▸ **WHAT TO WORK ON**
Quote the whole listing exactly. Leave the pictures out of your copy.

▸ **DATA**
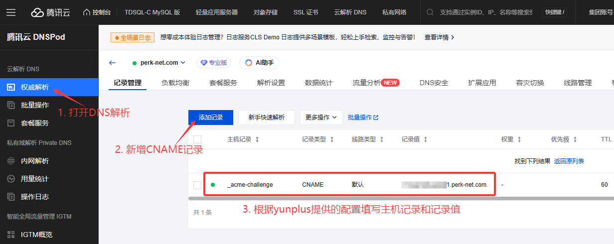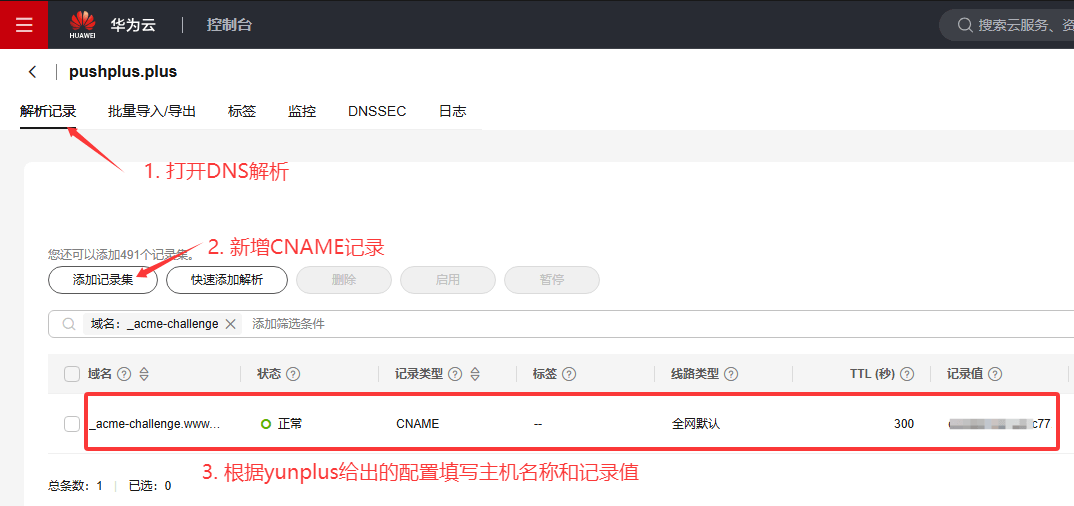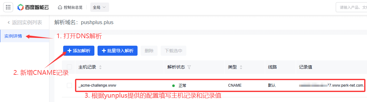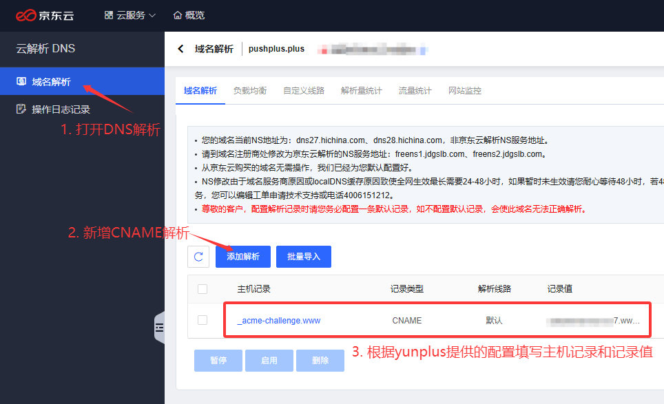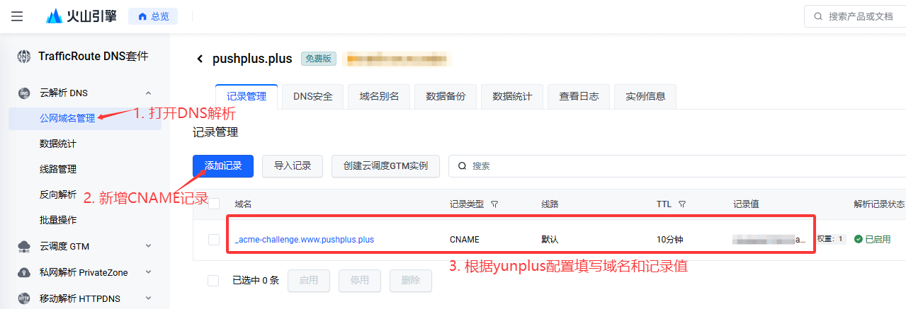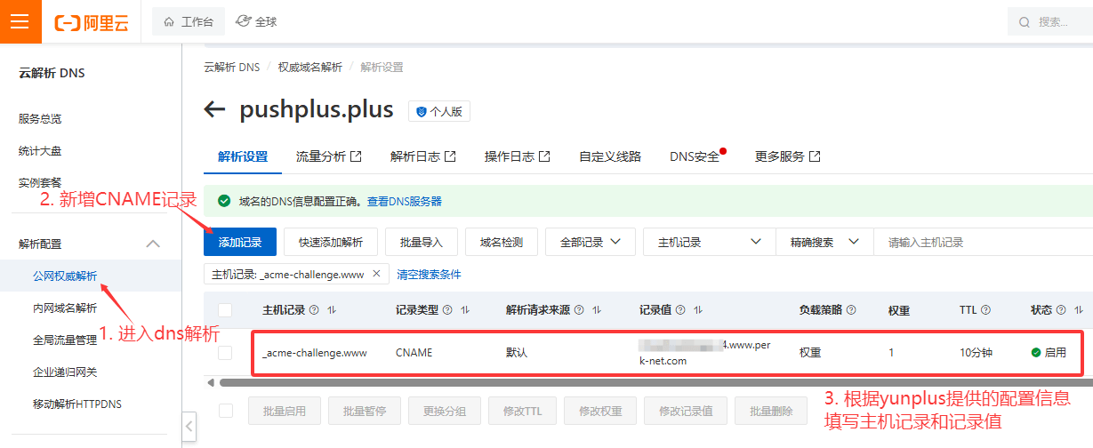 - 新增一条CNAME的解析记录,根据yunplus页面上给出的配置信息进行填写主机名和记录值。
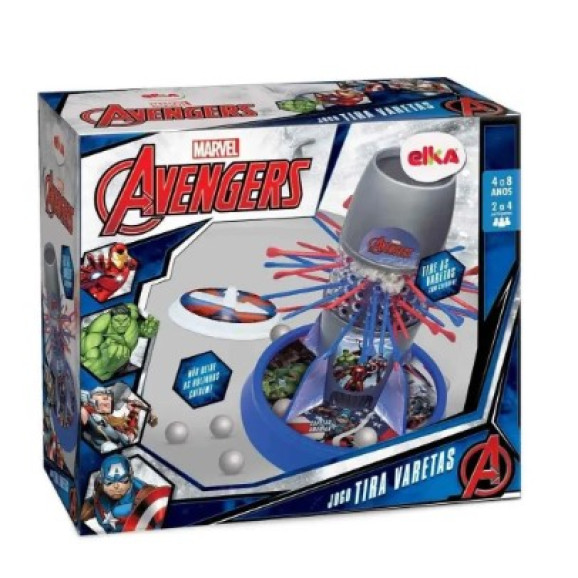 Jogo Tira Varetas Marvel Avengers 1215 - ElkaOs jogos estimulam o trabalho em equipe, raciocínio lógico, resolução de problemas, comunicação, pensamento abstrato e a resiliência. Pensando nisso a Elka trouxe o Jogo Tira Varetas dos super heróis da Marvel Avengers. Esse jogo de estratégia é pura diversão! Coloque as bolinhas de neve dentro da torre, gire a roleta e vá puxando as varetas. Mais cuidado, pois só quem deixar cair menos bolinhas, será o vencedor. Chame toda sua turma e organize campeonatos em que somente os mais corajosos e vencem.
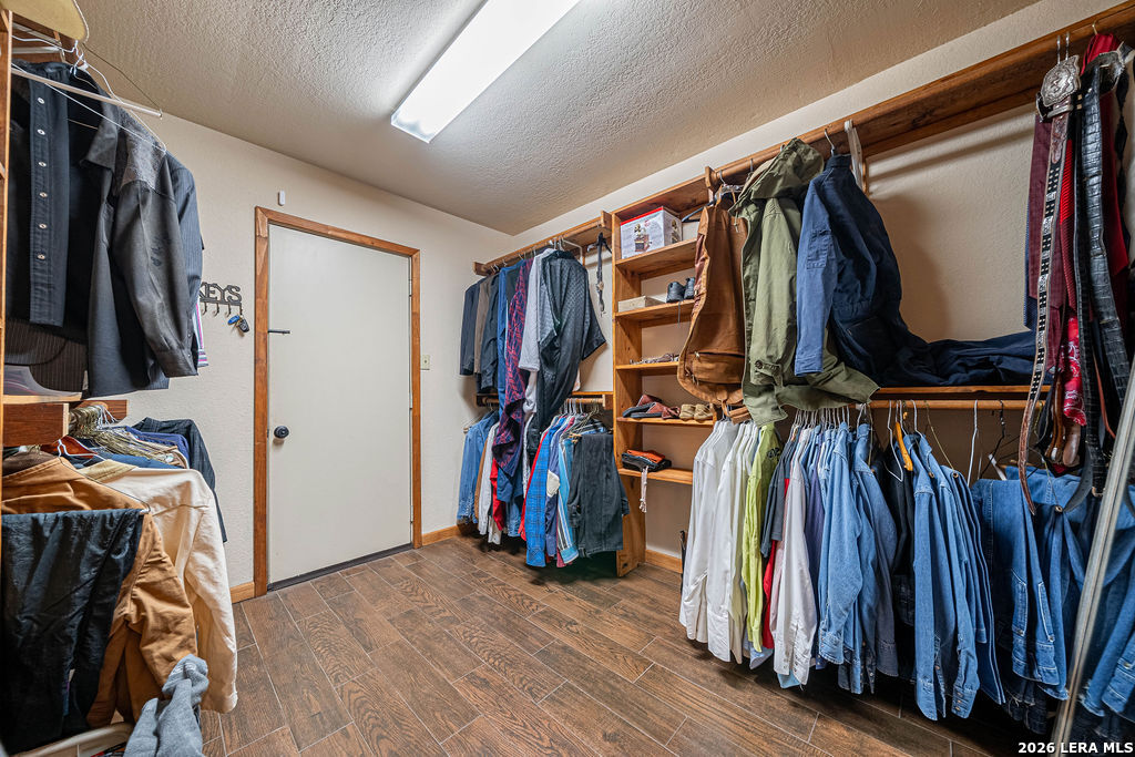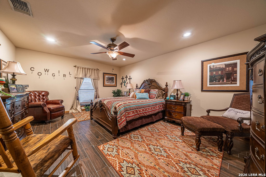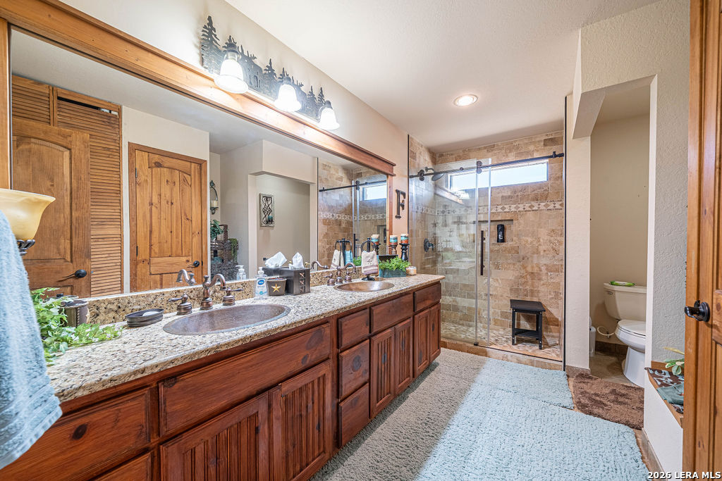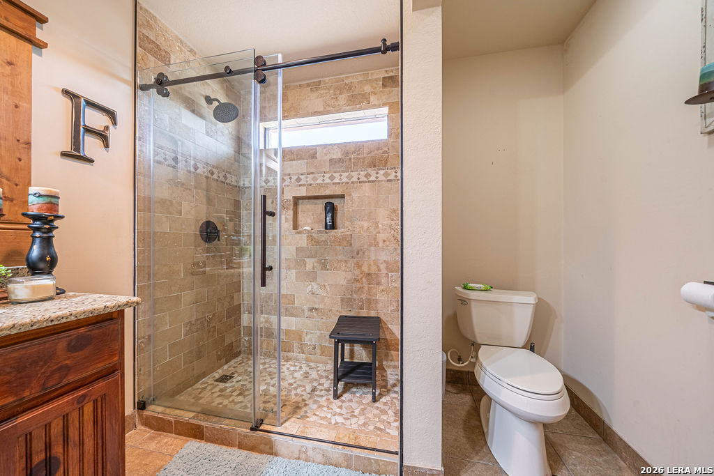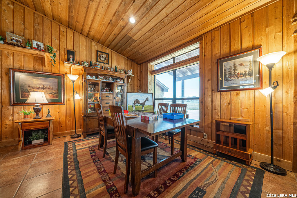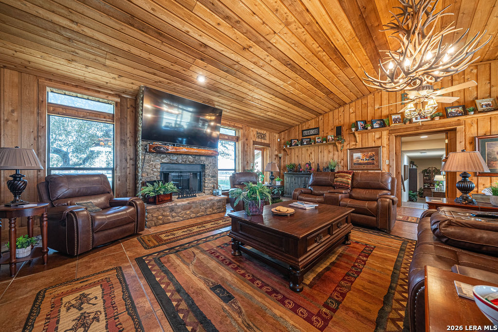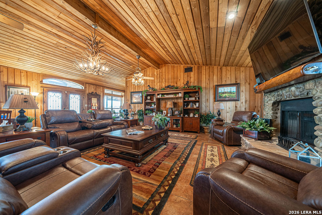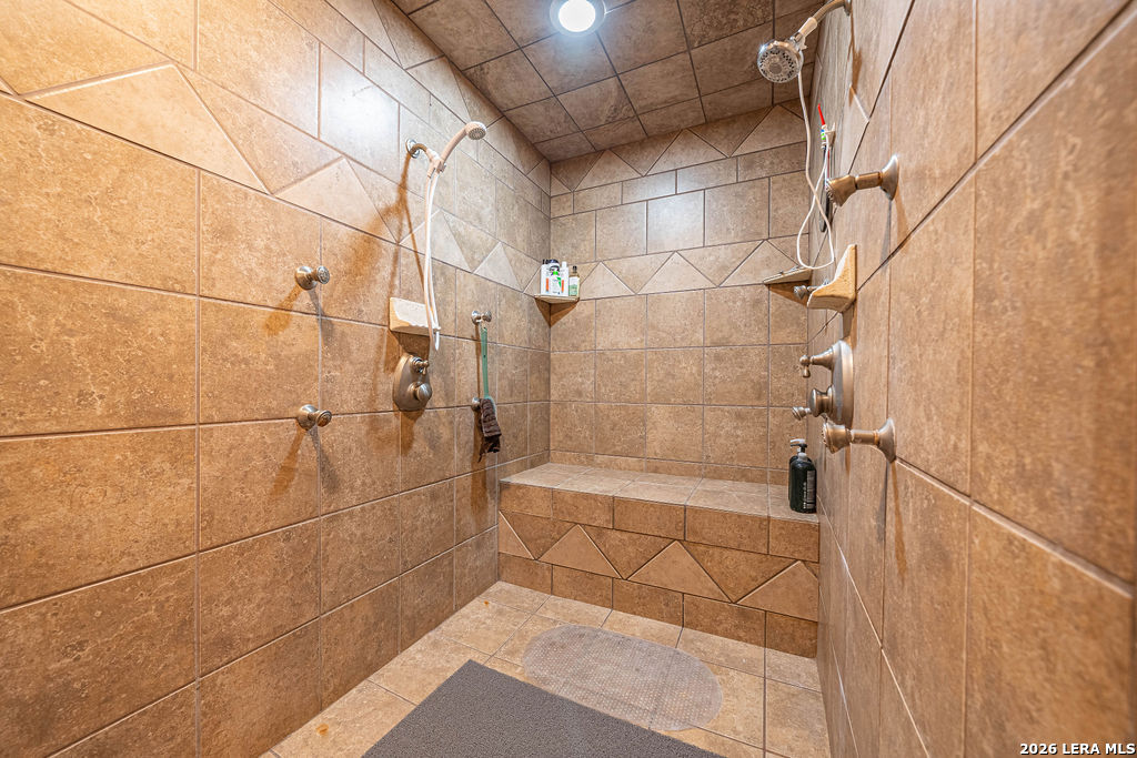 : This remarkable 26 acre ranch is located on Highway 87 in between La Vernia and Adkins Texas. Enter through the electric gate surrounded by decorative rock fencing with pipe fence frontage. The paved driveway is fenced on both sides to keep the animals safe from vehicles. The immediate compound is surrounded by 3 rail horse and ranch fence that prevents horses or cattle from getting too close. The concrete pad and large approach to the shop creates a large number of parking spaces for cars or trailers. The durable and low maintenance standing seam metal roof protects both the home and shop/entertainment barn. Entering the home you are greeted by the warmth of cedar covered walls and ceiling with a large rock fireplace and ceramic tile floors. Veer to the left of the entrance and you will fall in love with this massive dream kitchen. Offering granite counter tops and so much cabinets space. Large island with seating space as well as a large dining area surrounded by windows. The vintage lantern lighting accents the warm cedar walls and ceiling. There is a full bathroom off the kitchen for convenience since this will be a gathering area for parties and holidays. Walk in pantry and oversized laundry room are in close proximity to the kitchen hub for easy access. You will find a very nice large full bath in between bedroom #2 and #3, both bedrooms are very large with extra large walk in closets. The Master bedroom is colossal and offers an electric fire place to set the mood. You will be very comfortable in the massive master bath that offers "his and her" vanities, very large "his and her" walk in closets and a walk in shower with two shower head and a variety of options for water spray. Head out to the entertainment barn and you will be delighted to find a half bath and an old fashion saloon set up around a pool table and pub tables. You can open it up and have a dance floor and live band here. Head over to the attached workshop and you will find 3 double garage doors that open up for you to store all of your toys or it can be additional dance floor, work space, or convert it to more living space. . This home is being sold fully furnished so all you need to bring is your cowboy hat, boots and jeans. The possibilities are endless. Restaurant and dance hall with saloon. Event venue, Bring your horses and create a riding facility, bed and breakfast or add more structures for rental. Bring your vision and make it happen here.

▸ **TASK RESPONSE**
 - 新增一条CNAME的解析记录,根据yunplus页面上给出的配置信息进行填写主机名和记录值。
 Jogo Tira Varetas Marvel Avengers 1215 - ElkaOs jogos estimulam o trabalho em equipe, raciocínio lógico, resolução de problemas, comunicação, pensamento abstrato e a resiliência. Pensando nisso a Elka trouxe o Jogo Tira Varetas dos super heróis da Marvel Avengers. Esse jogo de estratégia é pura diversão! Coloque as bolinhas de neve dentro da torre, gire a roleta e vá puxando as varetas. Mais cuidado, pois só quem deixar cair menos bolinhas, será o vencedor. Chame toda sua turma e organize campeonatos em que somente os mais corajosos e vencem.
 : This remarkable 26 acre ranch is located on Highway 87 in between La Vernia and Adkins Texas. Enter through the electric gate surrounded by decorative rock fencing with pipe fence frontage. The paved driveway is fenced on both sides to keep the animals safe from vehicles. The immediate compound is surrounded by 3 rail horse and ranch fence that prevents horses or cattle from getting too close. The concrete pad and large approach to the shop creates a large number of parking spaces for cars or trailers. The durable and low maintenance standing seam metal roof protects both the home and shop/entertainment barn. Entering the home you are greeted by the warmth of cedar covered walls and ceiling with a large rock fireplace and ceramic tile floors. Veer to the left of the entrance and you will fall in love with this massive dream kitchen. Offering granite counter tops and so much cabinets space. Large island with seating space as well as a large dining area surrounded by windows. The vintage lantern lighting accents the warm cedar walls and ceiling. There is a full bathroom off the kitchen for convenience since this will be a gathering area for parties and holidays. Walk in pantry and oversized laundry room are in close proximity to the kitchen hub for easy access. You will find a very nice large full bath in between bedroom #2 and #3, both bedrooms are very large with extra large walk in closets. The Master bedroom is colossal and offers an electric fire place to set the mood. You will be very comfortable in the massive master bath that offers "his and her" vanities, very large "his and her" walk in closets and a walk in shower with two shower head and a variety of options for water spray. Head out to the entertainment barn and you will be delighted to find a half bath and an old fashion saloon set up around a pool table and pub tables. You can open it up and have a dance floor and live band here. Head over to the attached workshop and you will find 3 double garage doors that open up for you to store all of your toys or it can be additional dance floor, work space, or convert it to more living space. . This home is being sold fully furnished so all you need to bring is your cowboy hat, boots and jeans. The possibilities are endless. Restaurant and dance hall with saloon. Event venue, Bring your horses and create a riding facility, bed and breakfast or add more structures for rental. Bring your vision and make it happen here.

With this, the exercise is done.